The incidence of a true knot in the umbilical cord is about one out of one hundred pregnancies. There are certain situations where the incidence of a knot in the cord is increased. These conditions include polyhydramnios (unusually large amount of amniotic fluid), male fetuses, long umbilical cords, twins, and a patient with previous deliveries.
The diagnosis of a true knot is usually made at the time of delivery. Ultrasound can also detect a true knot in the cord, but is often missed.
Labor is usually monitored by intermittent or continuous auscultation of the infant’s heart rate. As the infant descends into the birth canal, the knot will often tighten which will decrease the amount of oxygen that the infant is receiving. As a consequence, the fetal heart rate will slow. This is often the first clue that an umbilical cord knot may exist. Depending on the severity of the fetal heart rate decrease, your provider may elect to perform a cesarean section.
If a knot is diagnosed prior to labor, your provider may elect to attempt a vaginal delivery. If this is the case, your infant’s heart rate will be followed very closely for any signs of fetal compromise. On the other hand, the provider may elect to perform an elective cesarean section. What mode of delivery is ultimately chosen will depend on the conversation that he will have with you prior to labor where he will delineate the risks and benefits of a trial of labor versus an elective cesarean section. If you both elect to proceed with a cesarean section, he will explain the risks of surgery as infection, hemorrhage, injury to another organ system, and/or death.

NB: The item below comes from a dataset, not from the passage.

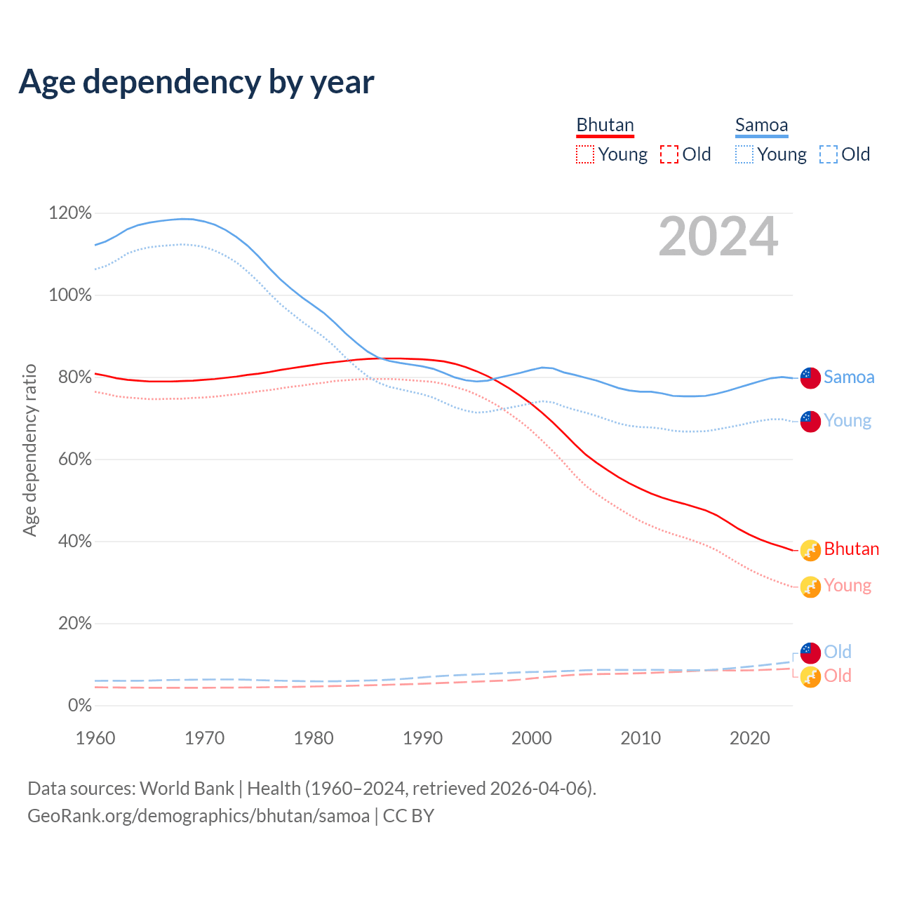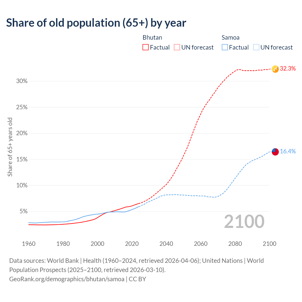 - The share of old-age demographic (65+) in Bhutan is 6.49% vs 5.88% in Samoa.

Rarely, the umbilical cord knot may cause an intrauterine fetal demise (stillborn) prior to the onset of labor. If the provider is aware that your infant has an umbilical cord with a true knot, he may elect to perform weekly or twice weekly nonstress tests (NST) and a weekly biophysical profile (BPP) until the infant is born. Both the NST and the BPP are tests of fetal well being, and help to reassure your provider that the infant is doing well.

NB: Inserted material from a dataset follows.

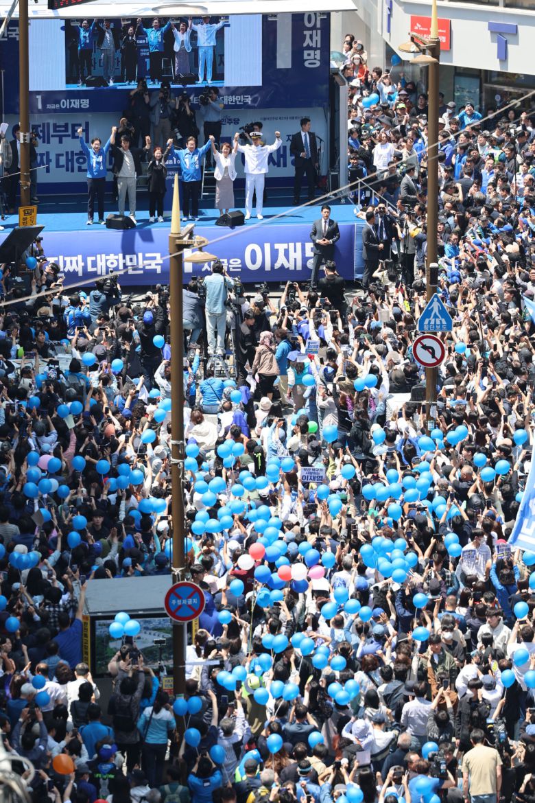 이재명 더불어민주당 대선 후보가 14일부산 부산진구 서면 젊음의 거리에서 열린 유세에서 당원들과 함께 기념촬영을 하고 있다. |

The present recommendation by the American College of Obstetricians and Gynecologists (ACOG) is to deliver an infant no sooner than 39 weeks gestation. Depending on the NST and BPP, however, your provider may suggest that you deliver earlier than the recommended 39 weeks gestation. He may also recommend an early delivery if there is decreased fetal movement. You may also be advised to follow kick counts in the event of decreased fetal movement. Kick counts is a technique where you note the number of the infant’s kicking in a certain amount of time.

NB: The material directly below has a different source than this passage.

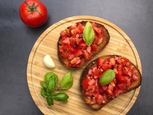 기름에 구운 바게트빵 위에 토마토와 바질을 올린 메뉴

During my career in obstetrics, I saw several infants with true knots in the umbilical cord. None of these infants had an adverse outcome, and I mentioned earlier, the diagnosis was made at the time of delivery. Some of the infants were delivered vaginally, and others were delivered by cesarean section. I have seen as many as three true knots in the umbilical cord, and I have seen a few with two knots. Again, all these infants did well. There are instances, however, where the infant will perish prior to labor.
It is extremely important that you thoroughly discuss the options of vaginal delivery versus cesarean section with your provider in the event of a diagnosis of a true knot in the umbilical cord. It is also vitally important that you inform your provider of any decreased fetal movement.
Wishing you a memorable and problem free delivery, Pablo.